Howell Hurst American News, Consumerism, Corporate Avarice, Defense Spending, Economy & Finance, Homelessness, Humans, People, Poverty, Refugees

We Americans just spent millions prosecuting Trump, shooting rockets to Mars, building new nuclear bombs, and militarizing space, while for-profit real estate corporations have begun evicting pregnant mothers from their homes.

You can read about all of this online, in our magazines and newspapers, where corporations are still advertising luxury cars, multi-million dollar houses, and private jets. As several million Americans go without jobs and income, as hundreds of thousands of homeless are about to grow into millions, we continue to stalk luxury.

Why Americans won’t identity every person without a job and income, and organize a collaboration between government and the giant corporate world to recover, train, and share work and income with all of our poor and homeless eludes us.

We prize possessions, but are unable to devise a means to share the immense wealth of our country with those people who today have literally nothing. In Los Angeles, where I live, people are begging in the streets.
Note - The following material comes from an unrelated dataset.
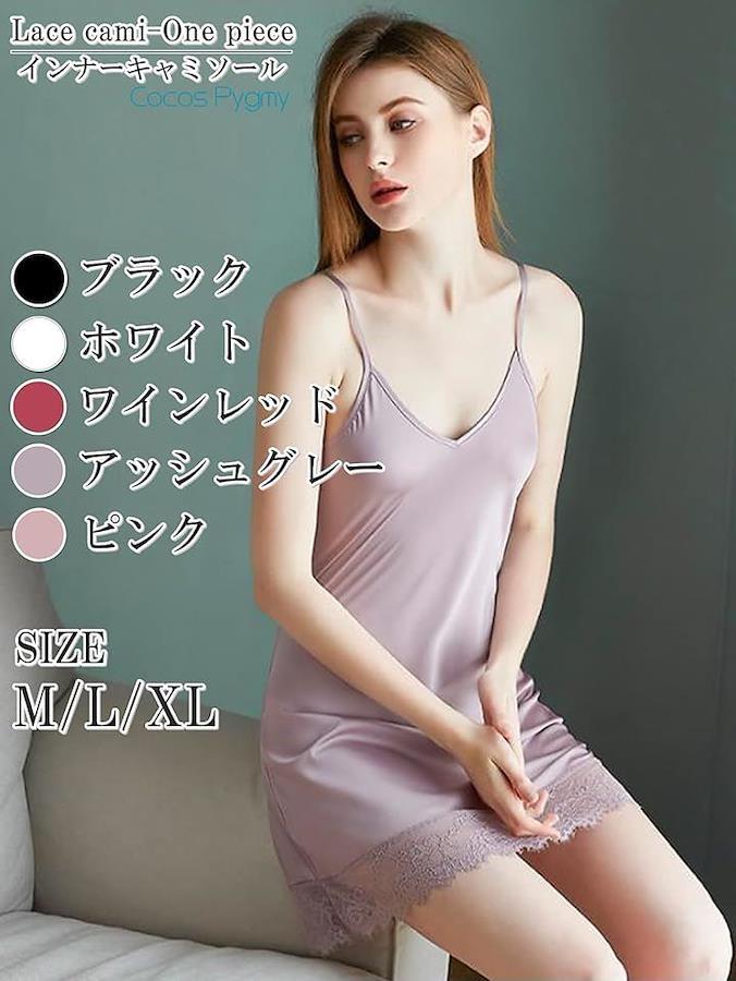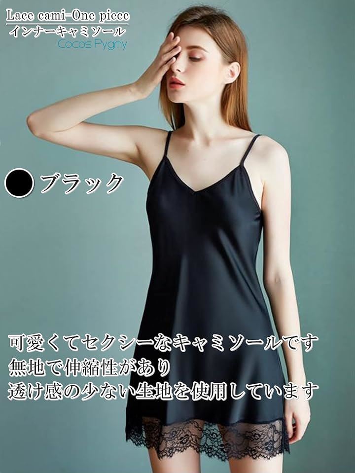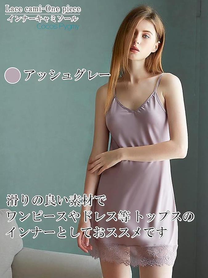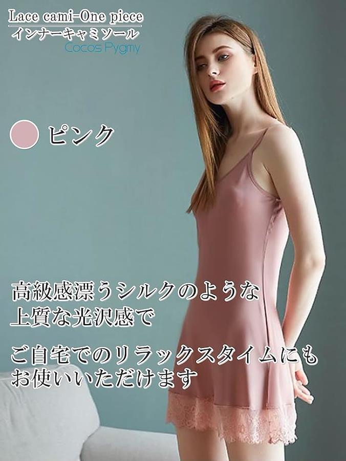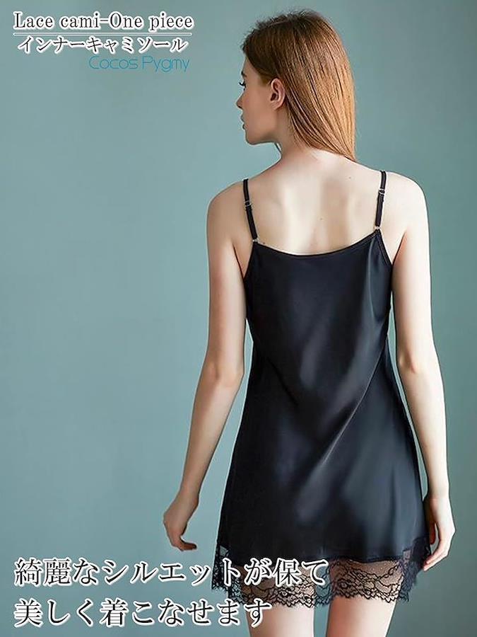 裾の部分にレースを使用しており、肩ひもは長さ調整可能です。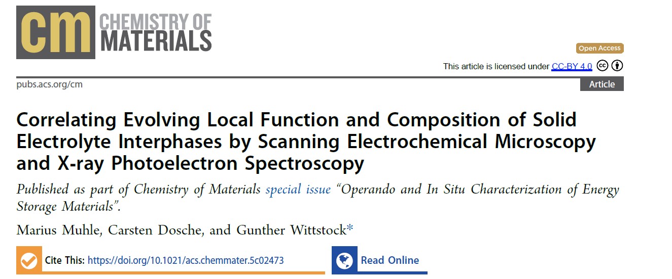 在锂离子电池、锂金属电池等储能器件中,固体电解质界面(SEI)层堪称 "隐形守护者"—— 它由电解质组分还原分解形成,既要允许锂离子快速传输,又要阻断电极与电解质间的无效电子转移,直接决定电池的循环稳定性、倍率性能与安全性。然而,SEI层是动态演化的纳米尺度异质结构,其局部功能与化学组成的关联一直是电池领域的研究难点。近日,《Chemistry of Materials》发表的一项创新研究,通过扫描电化学显微镜(SECM)与X 射线光电子能谱(XPS)的原位联用技术,成功破解了这一难题。

Downtown, where skyscrapers house the financial community, the homeless have built a large tent village of their own. I don’t now how they keep alive. Food banks, apparently. The Virus is rife among them.

We remain hypnotized by a humanely shallow consumer economy where each of us is dedicated to protecting our personal financial security. The ultra rich are becoming richer. The poor are becoming poorer, and rapidly more numerous.

Politicians, incapable of agreeing on how to supply life-supporting medicine for all of us, long ago voted themselves full medical and retirement payments. Our taxes pay their medical and retirement. We don’t enjoy such a benefit.

Meanwhile, as Bill Gates so articulately points out, the almost forgotten issue of climate change’s inevitable serious problems are stealthily sneaking up on us. We  ignore them, simply deny they exist.

The only people who could possibly alter all this would be a collaboration between the financial industry’s corporate leaders and our politicians. Both continue to be far too busy feathering their own nests, just as we all are.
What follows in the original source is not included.